Processing through CLI
Process your first document through CLI
Input files into an S3 bucket
Before processing documents with BDA, you must first upload your documents to an S3 bucket:
Syntax
aws s3 cp <source> <target> [--options]
Example:
aws s3 cp /local/path/document.pdf s3://my-bda-bucket/input/document.pdf
Basic processing command structure
Use the invoke-data-automation-async
command to process files:
aws bedrock-data-automation-runtime invoke-data-automation-async \ --input-configuration '{ "s3Uri": "s3://amzn-s3-demo-bucket/sample-images/sample-image.jpg" }' \ --output-configuration '{ "s3Uri": "s3://amzn-s3-demo-bucket/output/" }' \ --data-automation-configuration '{ "dataAutomationProjectArn": "Amazon Resource Name (ARN)", "stage": "LIVE" }' \ --data-automation-profile-arn "Amazon Resource Name (ARN)"

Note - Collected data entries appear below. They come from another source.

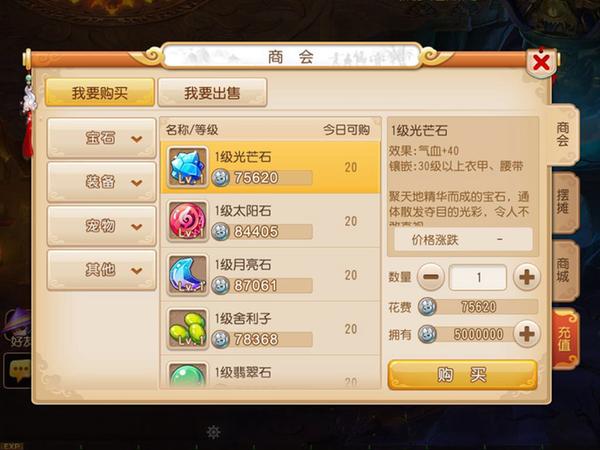在主界面的“商城”中的“商会”可以直接购买或售出宝石,宝石的价格将会根据购买或售出情况而有所变化,同类宝石每被购买一颗,价格会有一定上涨,同理,同类宝石每被玩家售出一颗,价格会有一定的下降。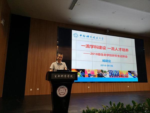 臧建业代表学院热烈欢迎2018级硕士新生来到生命科学学院。他以“一流学科建设、一流人才培养”为题,介绍了科大红专并进一甲子、科教报国六十年的办学声誉以及生命科学学院的历史沿革,新成立的生命科学与医学部的战略定位,以及附属第一医院的概况;并分别从师资队伍、科教平台、科研成果和学科建设等方向介绍了生命科学学院在人才培养、一流学科建设等方面所取得的成绩,特别是生物医学向一流学科迈进的信心和行动。随后,臧建业重点介绍了生命科学学院研究生学位点和培养方案,中期考核和转博方法,毕业及学位申请节点,以及与研究生相关的奖助系统。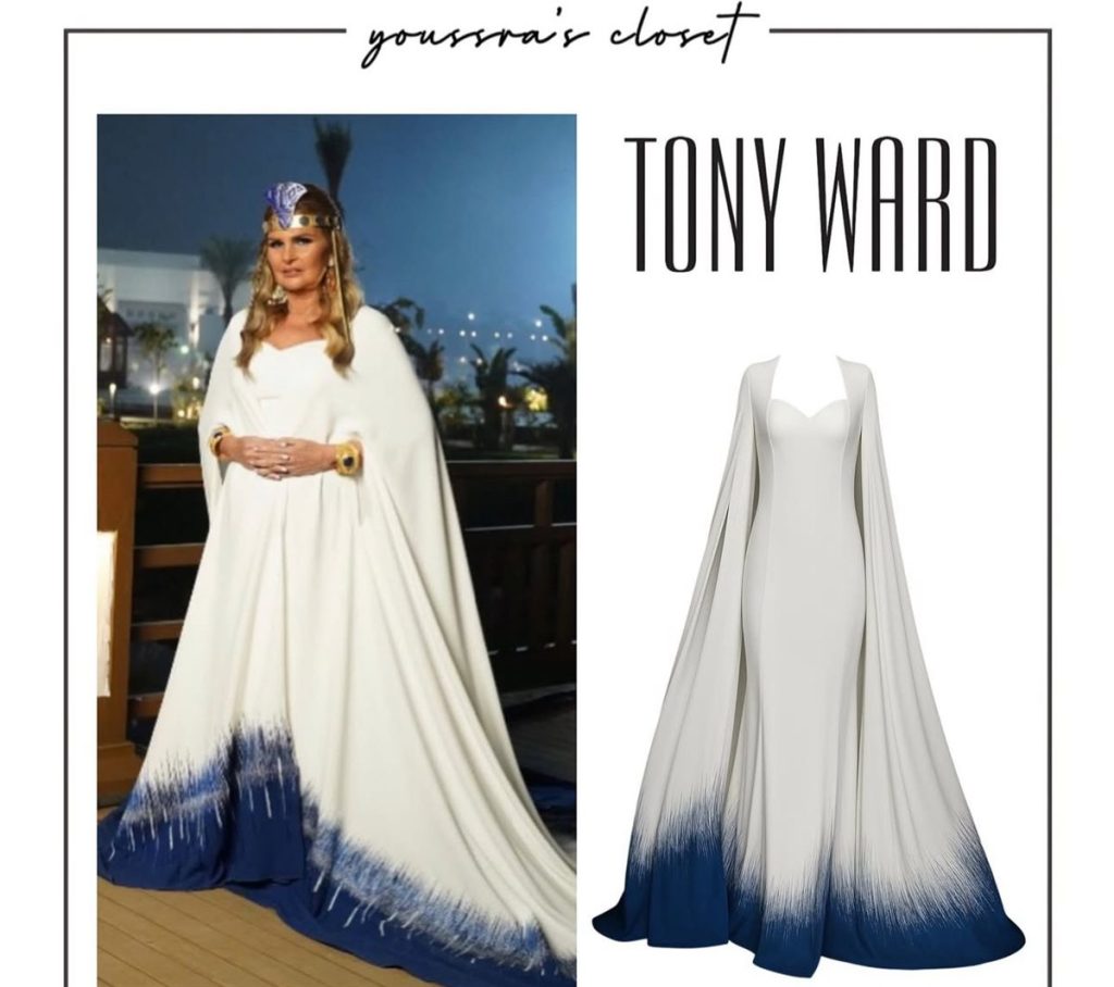 يسرا تتألق بإطلالة ملكية من توقيع طوني ورد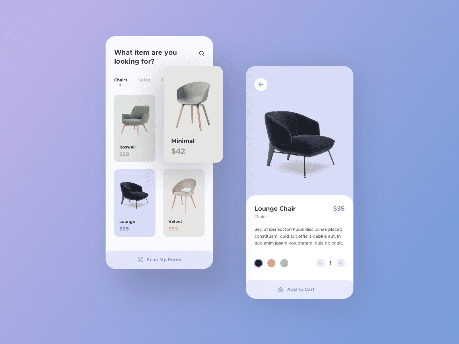 The images used to demo this digital / downloadable product are created by Atiqur Rahman. Find the original project on dribbble.com: Furniture Buy & Sell E Commerce App

Advanced processing command structure
Video processing with time segments
For video files, you can specify time segments to process:
aws bedrock-data-automation-runtime invoke-data-automation-async \ --input-configuration '{ "s3Uri": "s3://my-bucket/video.mp4", "assetProcessingConfiguration": { "video": { "segmentConfiguration": { "timestampSegment": { "startTimeMillis": 0, "endTimeMillis": 300000 } } } } }' \ --output-configuration '{ "s3Uri": "s3://my-bucket/output/" }' \ --data-automation-configuration '{ "dataAutomationProjectArn": "Amazon Resource Name (ARN)", "stage": "LIVE" }' \ --data-automation-profile-arn "Amazon Resource Name (ARN)"
Using custom blueprints
You can specify custom blueprints directly in the command:
aws bedrock-data-automation-runtime invoke-data-automation-async \ --input-configuration '{ "s3Uri": "s3://my-bucket/document.pdf" }' \ --output-configuration '{ "s3Uri": "s3://my-bucket/output/" }' \ --blueprints '[ { "blueprintArn": "Amazon Resource Name (ARN)", "version": "1", "stage": "LIVE" } ]' \ --data-automation-profile-arn "Amazon Resource Name (ARN)"

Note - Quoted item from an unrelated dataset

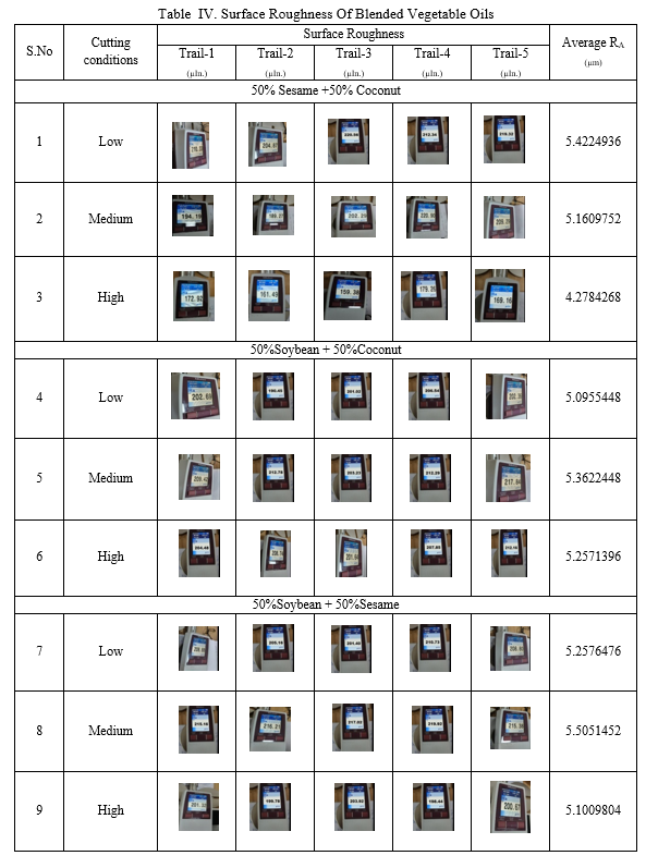 From the table V it was observed that chips produced for the blend 50% Sesame + 50% Coconut oil at low cutting condition is very long ribbon coiled chips (continuous chips) due to continuous plastic deformation and it was observed inside part of the chip shows steps due to intermittent slip and outside is smooth, where as for medium cutting condition shorter coiled chips are formed for higher cutting conditions Serrated Chips (semi-continuous) are generated which posses a saw tooth profile due to the alternating high shear strain followed by a low shear strain. It is clearly observed that effectiveness of MQL is suitable for the blend of 50% Sesame + 50% Coconut oil.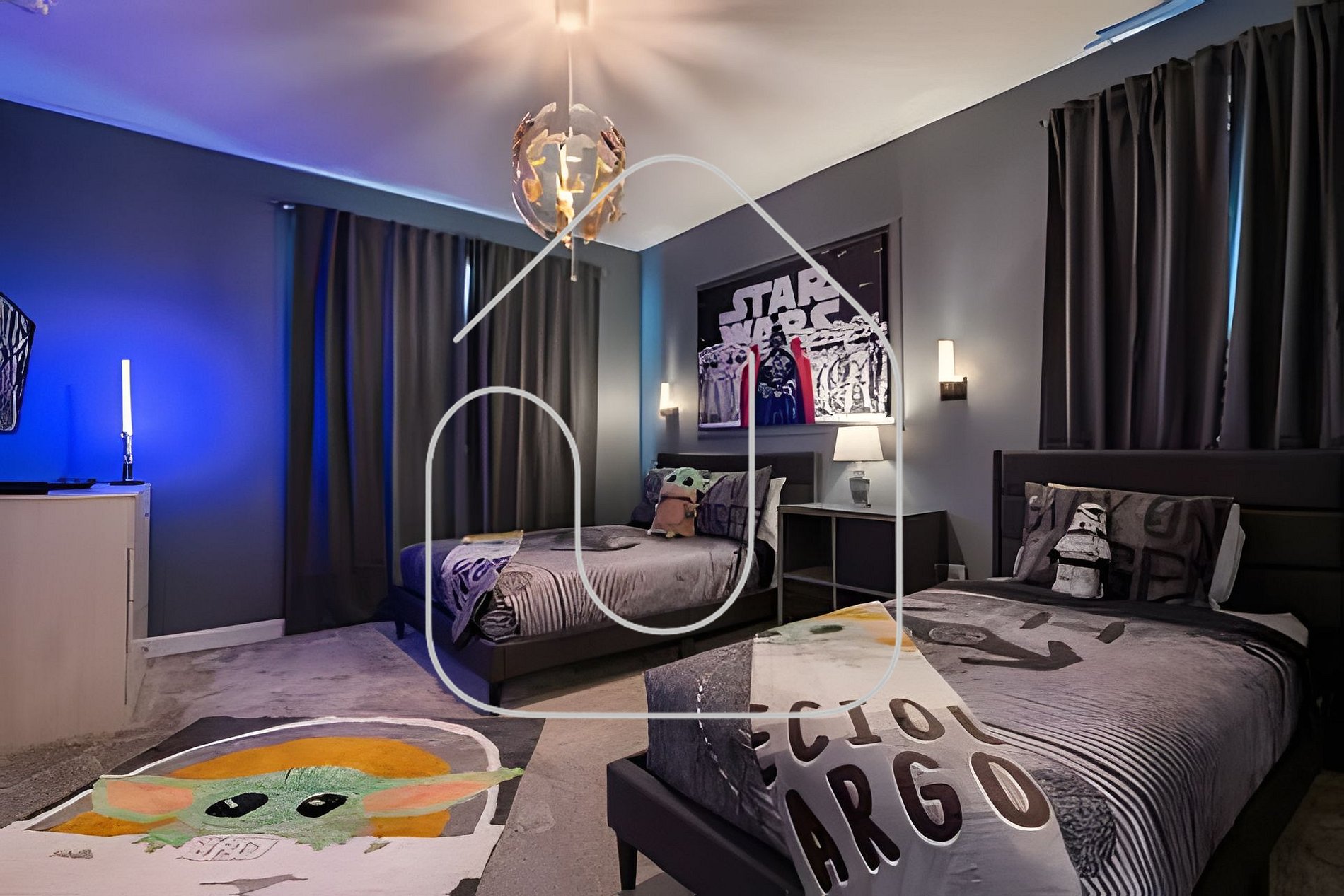Star Wars Room (Sleeps 3): Outfitted with one double bed and one twin bed, this room immerses guests in a galactic adventure, perfect for kids, teens, or any Star Wars enthusiast.

Adding encryption configuration
For enhanced security, you can add encryption configuration:
aws bedrock-data-automation-runtime invoke-data-automation-async \ --input-configuration '{ "s3Uri": "s3://my-bucket/document.pdf" }' \ --output-configuration '{ "s3Uri": "s3://my-bucket/output/" }' \ --data-automation-configuration '{ "dataAutomationProjectArn": "Amazon Resource Name (ARN)", "stage": "LIVE" }' \ --encryption-configuration '{ "kmsKeyId": "Amazon Resource Name (ARN)", "kmsEncryptionContext": { "Department": "Finance", "Project": "DocumentProcessing" } }' \ --data-automation-profile-arn "Amazon Resource Name (ARN)"
Event notifications
Enable EventBridge notifications for processing completion:
aws bedrock-data-automation-runtime invoke-data-automation-async \ --input-configuration '{ "s3Uri": "s3://my-bucket/document.pdf" }' \ --output-configuration '{ "s3Uri": "s3://my-bucket/output/" }' \ --data-automation-configuration '{ "dataAutomationProjectArn": "Amazon Resource Name (ARN)", "stage": "LIVE" }' \ --notification-configuration '{ "eventBridgeConfiguration": { "eventBridgeEnabled": true } }' \ --data-automation-profile-arn "Amazon Resource Name (ARN)"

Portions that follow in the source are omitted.